WPRDC / wprdc-etl

MIT License
8 stars 3 forks source link

Build out FTP capabilities #17

Closed bsmithgall closed 8 years ago

saylorsd commented 8 years ago

:question: Hey @bsmithgall, What's the plan for our current use cases where we'll be extracting CSVs via SFTP? Will we end up creating an extractor that inherits both classes? To me it seems like the SFTP extractor would be higher up the chain than the CSV one as it, like the current file extractor, simply copies the opens the file stream, but I could be totally wrong. Here's the commit where I started the class if you'd like to take a look. 45c0fbc22387d05884e518c80c1de7b856ccfe37

bsmithgall commented 8 years ago

Hmm interesting question, and I think you are probably right.

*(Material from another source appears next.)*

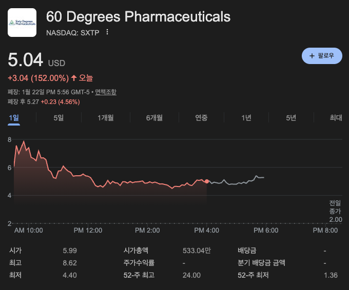 1월 23일 금요일, 어제 바이오 섹터의 주인공은 단연 **60 디그리스 파머슈티컬스(Ticker: SXTP)**였습니다. 전일 대비 +152.00% 상승한 $5.04로 장을 마쳤습니다. 불과 며칠 전 1대 4 주식 병합을 단행하며 힘겨워하던 주가가, 하루아침에 2.5배 넘게 뛴 상황. 이유는 **"접근성의 혁명"**입니다. 해외 여행객들이 가장 번거로워하는 '말라리아 약 처방'을 온라인으로 해결해 주는 길이 열렸기 때문입니다.

I think there are probably two different functionalities going on here:

  1. Functionality needed to access a particular file
  2. Functionality needed to read a particular file

These can either be both handled in the Extractor parent class contract, or they can be implemented separately and then individual classes can be cobbled together through multiple inheritance/composition.

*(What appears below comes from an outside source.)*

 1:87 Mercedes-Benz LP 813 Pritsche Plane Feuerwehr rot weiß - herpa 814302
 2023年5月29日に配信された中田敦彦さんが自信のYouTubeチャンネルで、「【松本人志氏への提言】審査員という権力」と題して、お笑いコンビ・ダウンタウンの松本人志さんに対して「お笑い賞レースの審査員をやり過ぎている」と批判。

I think that you could do something like this:

class Connector(object):
    # a new base class that to deal with connections
   pass

class FTPConnector(Connector):
    # code that does connecting here

class CsvFtpExtractor(CsvExtractor, FTPConnector):
    pass

# then you use the CsvFtpExtractor class in the pipeline

The other way would be include some sort of method that requires building a connection. I'm not totally sure what the interface would look like for that, but it would likely involve rewriting the extract method on the FileExtractor.

saylorsd commented 8 years ago

I do like the idea of having a separating these into Connectors and Extractors.

What I was thinking - and I believe it's the same as what you mention in your last paragraph - is having all Extractors pull data from a Connector (even if it's as simple as opening a file on the same disk). As far as I can imagine right now, the only part of the contract between the two would be Connectors would have to all have a connect() method that returns whatever would be each Extractors target. In that case, would it be important that connect() only return one type for all sub classes of Connector?

What do you think?

bsmithgall commented 8 years ago

That sounds like a smart approach.